# You Caught My Eye



## Raging Bird (Mar 27, 2015)

I was skiing at Steamboat Springs a few weeks ago with a couple of my pals from Duke, and we stopped at the main street Starbucks to warm up with a decaf mocha frapuccino -- two pumps of caramel. You had on a North Face fleece and polarized Oakley's sunglasses. We chatted for a few minutes about our drinks and I called you out on having fake Oakley's or "Foakley's". My buddies keep chiding me to find the right girl and grow up, maybe you are the one?


----------



## Odin (Mar 27, 2015)

Raging Bird said:


> My buddies keep chiding me to find the right girl and grow up, maybe you are the one?



Bwahah... If I had a dollar for everytime I've heard that... ::hilarious::


----------



## Kim Chee (Mar 27, 2015)

Is this what this is for? I've been doing it wrong.


----------



## drewski (Mar 27, 2015)

https://chicago.craigslist.org/chc/mis/4948371475.html

I walked into Binny's Friday night looking for something different and I found it.
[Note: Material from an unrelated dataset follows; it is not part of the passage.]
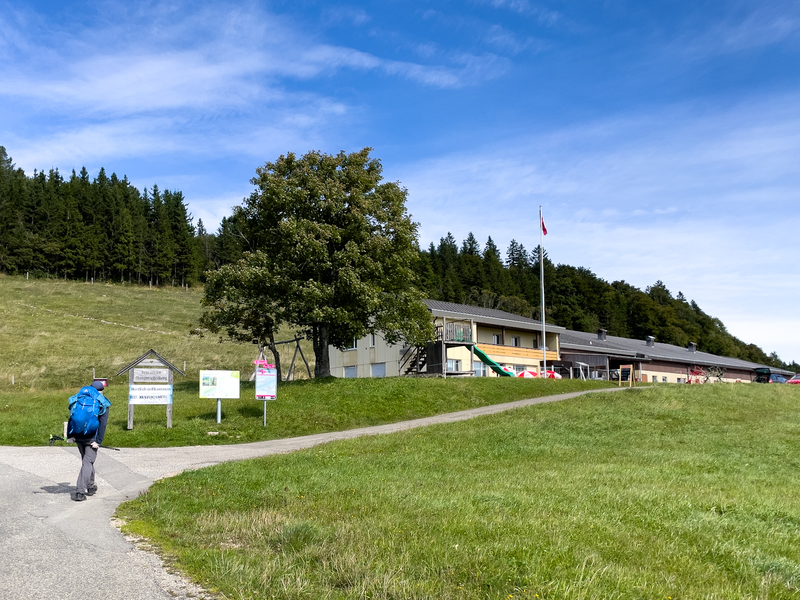 Om kwart voor twaalf zijn we bij Obergrenchenberg, een boerenbedrijf met café. De parasolletjes staan uitnodigend klaar, maar ze hebben weinig in huis en er is geen kaart. We delen de enige gerechten die ze wel hebben. Een Salat en hun allerlaatste portie Maccheroni. Beide met Schinken. We vragen ons af waarom ze al zo vroeg bijna door hun eten heen zijn, maar het smaakt heerlijk.

You were sampling delicious cider from Michigan while sporting a dashing cardigan, your wild pecan colored hair was held in place by a dapper looking cap & your hazel eyes were striking yet soft.
You said "hey girl wanna try some cider?"
I said "I've had cider in the past it was too sweet & it made promises never to leave but like all alcoholic beverages it did leave"
You said "You just haven't found the right cider yet girl, I've been hurt by alcoholic beverages too but sometimes you find the right one"
I tried the ginger peach which you described as having a rough exterior of ginger but a soft inside filled with peach juice. The totally roasted you described as something you can take home to your parents house during the holidays and would be well received. The blue gold you said paired well with judgmental college friends & over protective roommates who all think you pick out really bad alcoholic beverages. The apple was my favorite because it was simple yet unique like one night you could drink it at a fancy restaurant and the next night enjoy it at a dive bar. You told me how you could carry 3 cases up 2 flights of stairs which I totally believed after checking out your guns. I grabbed a couple four packs but I forgot to grab your phone number.
Will I ever see you again cider salesman with soft hands???


----------



## Kim Chee (Mar 27, 2015)

@Raging Bird moved to general banter


----------